**AIM OF THE TASK**
All pictures are to be dropped, and everything else in the data duplicated exactly.

*** SOURCE RECORDS ***

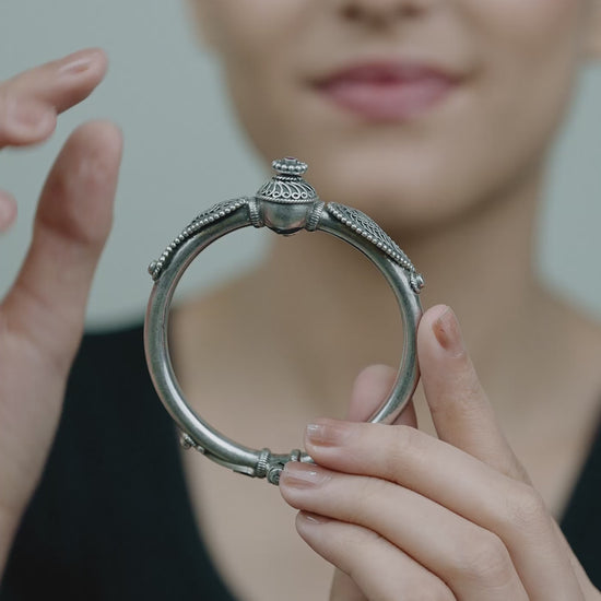 Handcrafted Oxidised Silver Openable Bangle – Ethnic & Festive Wear
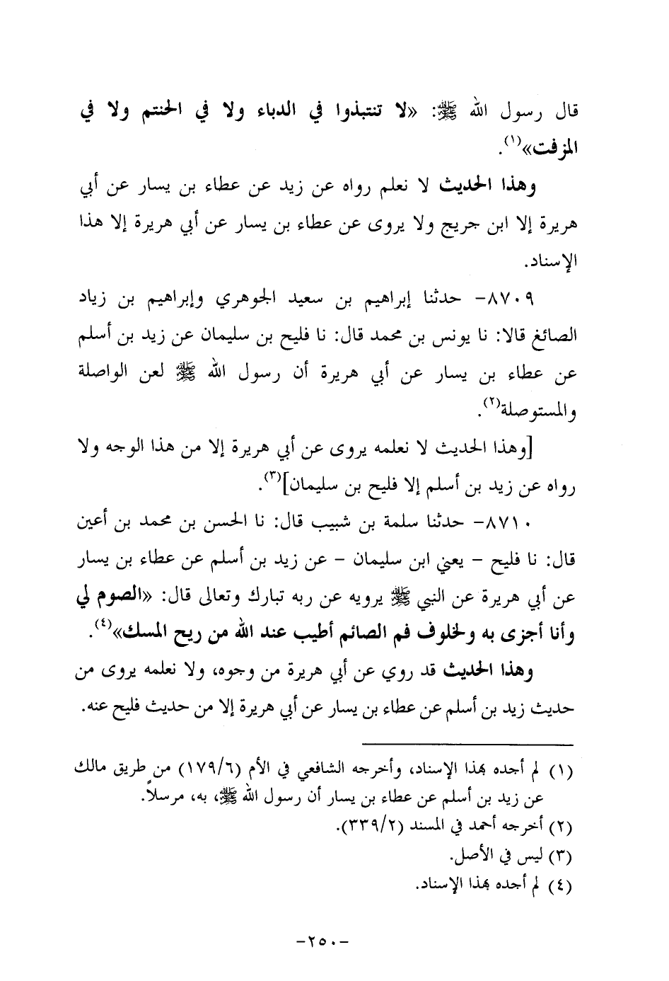 8710- حَدَّثنا سلمة بن شَبِيب، قَال: حَدَّثنا الحسن بن مُحَمد بن أعين، قَال: حَدَّثنا فليح، يعني ابن سُلَيْمان، عَن زَيد بْنِ أَسْلَمَ، عَن عَطاء بْنِ يسار، عَن أَبِي هُرَيرة، عَن النَّبِيّ صَلَّى اللَّهُ عَلَيه وَسَلَّم يرويه عن ربه تبارك وتعالى قال: الصوم لي، وَأنا أجزي به ولخلوف فم الصائم أطيب عند الله من ريح المسك.
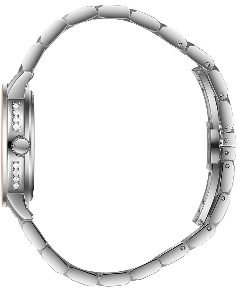 Модель оснащена кварцевым механизмом, обеспечивающим точное измерение времени. Металлический браслет с PVD-покрытиемPVDУльтратонкое покрытие наносится в технике вакуумного напыления, сочетает в себе нитрид титана особой прочности со слоем золота или оксида хрома. Несёт в себе декоративную или защитную функцию. дополнен застёжкой-бабочкойЗастёжка "бабочка"Такой вид застёжки дополняется предохранителями, помогающими избежать случайного раскрытия браслета. Обладают изящным исполнением. , обеспечивающей комфортное ношение и надёжную фиксацию.
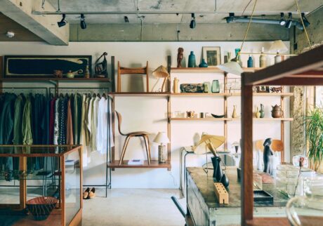 人を引き寄せる、ゆるやかな水辺のリズム。京都・鴨川、ローカルガイド。後編 | 昼間は自然光に優しく照らされ、夜は照明や並ぶアイテムの豊かな陰影が生まれる『フォーム 歩く鳥』。北欧に加えてドイツやアメリカなどのアイテムが並び、凛とした世界観を帯びている。今後は家具の扱いにも力を入れる予定。
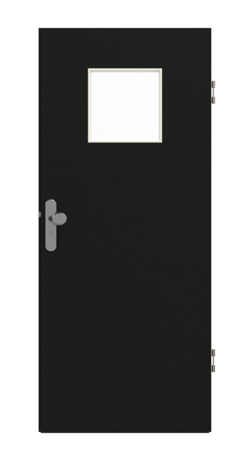 Na skrzydle drzwiowym osadzone jest kwadratowe wycięcie na szybę. Ma długość krawędzi 35 cm. Elegancki czarny dekor doskonale komponuje się z nowoczesnym wystrojem wnętrz. Gładka i zamknięta powierzchnia drzwi HPL ułatwia czyszczenie.

***

**ANSWER SECTION**
 Handcrafted Oxidised Silver Openable Bangle – Ethnic & Festive Wear
 8710- حَدَّثنا سلمة بن شَبِيب، قَال: حَدَّثنا الحسن بن مُحَمد بن أعين، قَال: حَدَّثنا فليح، يعني ابن سُلَيْمان، عَن زَيد بْنِ أَسْلَمَ، عَن عَطاء بْنِ يسار، عَن أَبِي هُرَيرة، عَن النَّبِيّ صَلَّى اللَّهُ عَلَيه وَسَلَّم يرويه عن ربه تبارك وتعالى قال: الصوم لي، وَأنا أجزي به ولخلوف فم الصائم أطيب عند الله من ريح المسك.
 Модель оснащена кварцевым механизмом, обеспечивающим точное измерение времени. Металлический браслет с PVD-покрытиемPVDУльтратонкое покрытие наносится в технике вакуумного напыления, сочетает в себе нитрид титана особой прочности со слоем золота или оксида хрома. Несёт в себе декоративную или защитную функцию. дополнен застёжкой-бабочкойЗастёжка "бабочка"Такой вид застёжки дополняется предохранителями, помогающими избежать случайного раскрытия браслета. Обладают изящным исполнением. , обеспечивающей комфортное ношение и надёжную фиксацию.
 人を引き寄せる、ゆるやかな水辺のリズム。京都・鴨川、ローカルガイド。後編 | 昼間は自然光に優しく照らされ、夜は照明や並ぶアイテムの豊かな陰影が生まれる『フォーム 歩く鳥』。北欧に加えてドイツやアメリカなどのアイテムが並び、凛とした世界観を帯びている。今後は家具の扱いにも力を入れる予定。
 Na skrzydle drzwiowym osadzone jest kwadratowe wycięcie na szybę. Ma długość krawędzi 35 cm. Elegancki czarny dekor doskonale komponuje się z nowoczesnym wystrojem wnętrz. Gładka i zamknięta powierzchnia drzwi HPL ułatwia czyszczenie.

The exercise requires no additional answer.